More recently, we have used SLIM to characterize the mass growth during neural‑network formation in mature human neurons over a period of 24 hours. The results revealed a period of growth lasting 10 hours, during which the SLIM images showed neurons extending and exploring their environment. This was followed by a plateau characterized by an aggregation of clusters and finally larger-scale reorganization. We then analysed the data using a new technique called dispersion-relation phase spectroscopy (DPS). This technique analyses fluctuations of mass as a function of time and space, providing a quantitative picture of mass transport in cells (Optics Express 19 20571).
Applying DPS at 0 and 24 hours we found that the mass transport characteristics of the neuron culture shift from being dominantly diffusive to dominantly directed as the network matures and forms more connections. This indicates that the network at some point “decides” to divert energy from growth and exploration to transport and communication (Scientific Reports 4 4434).
The broadband nature of the illumination in SLIM, coupled with a high numerical aperture, also enables high-resolution single-cell tomography by mapping the refractive index in 3D using a method called white-light diffraction tomography. As recently demonstrated by our group, this allows the study of 3D biological structures in living cells – a feat that was previously only achievable using fluorescence-based methods such as confocal or light-sheet microscopy (Nature Photonics 8 256).
Although many biological applications of QPI have already been explored, we believe that the field is just getting started. Recent results on SLIM imaging of biopsies, for instance, indicate that clinical information can be extracted from the nanoscale morphology of tissues (Scientific Reports at press). Until now, SLIM has been used mainly by optical engineers and physicists, so we need to further distill the data into parameters that directly provide insight to biologists and to identify relevant research questions. The recent commercialization of SLIM technology by Phi Optics – a spin-out from the University of Illinois – is a major step forward in this regard, since it adds QPI capabilities to any existing microscope.

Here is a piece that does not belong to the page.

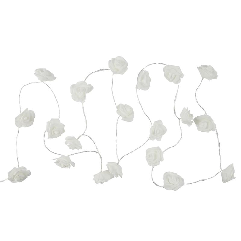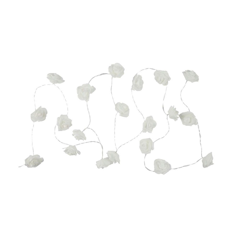Guirlande lumineuse Roses Blanches - Fonctionne avec 2 piles AA LR6 (non fournies) - Matières : plastique et abs Dimensions de la guirlande lumineuse : 1.8 mètres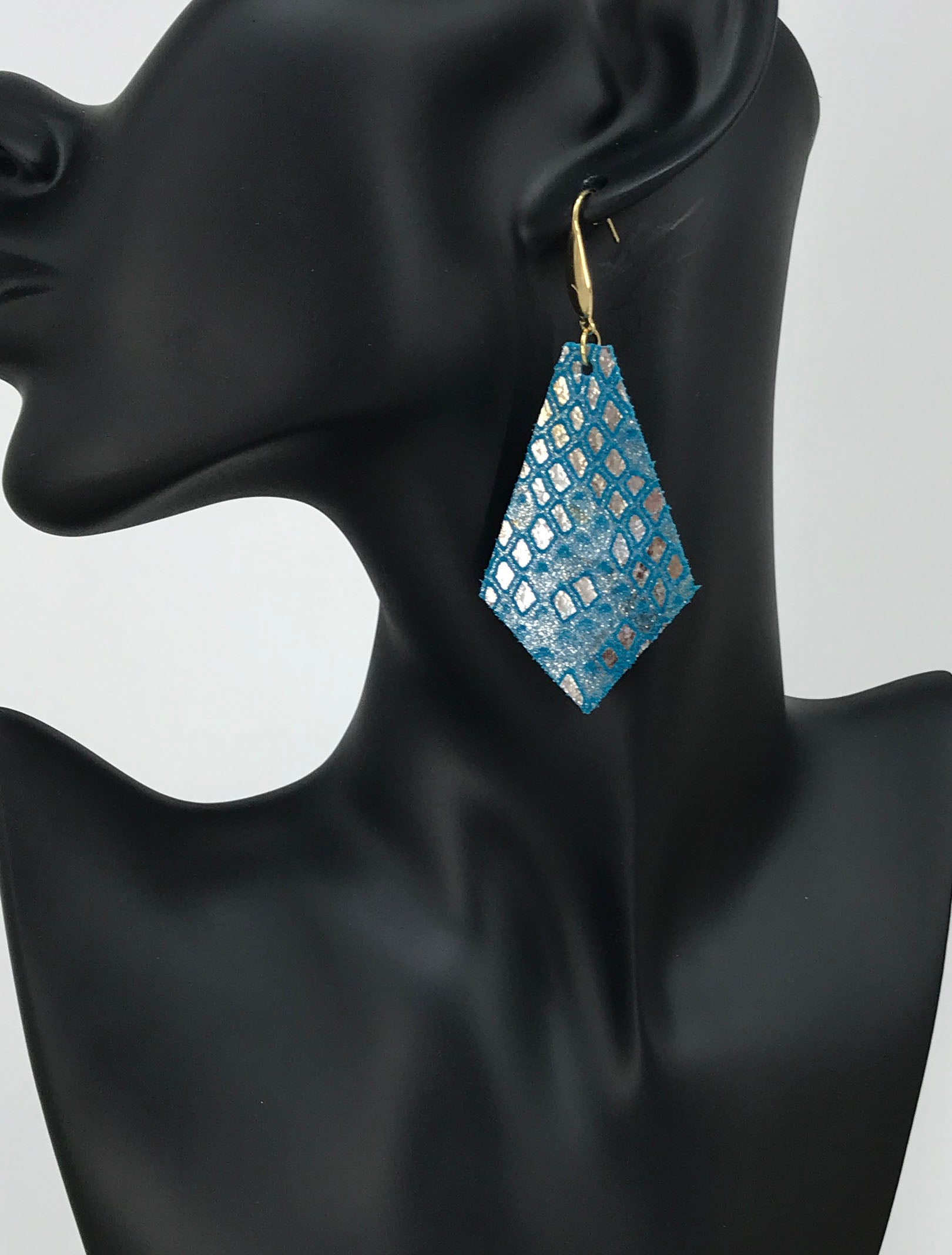 Mystic Iridescent Tri Color on Turquoise Python Snake Leather Earrings with Gold Tone Stainless Steel Findings and Ear Wires.

As well as getting the instruments into the hands of more biologists, we also need to develop mathematical tools to analyse the wealth of information in QPI data. One such approach aims to connect the large, multi-parameter space measured by QPI to cellular phenotype, which is currently measured using antibody-based labels. If successful, this could ultimately remove the need for fixing and staining, in the process saving researchers thousands of dollars. Given the pace of growth and rapid advancements in the field, we believe that QPI techniques will play a dominant role in the future for many biologists and biophysicists working to elucidate the mysteries of cellular life.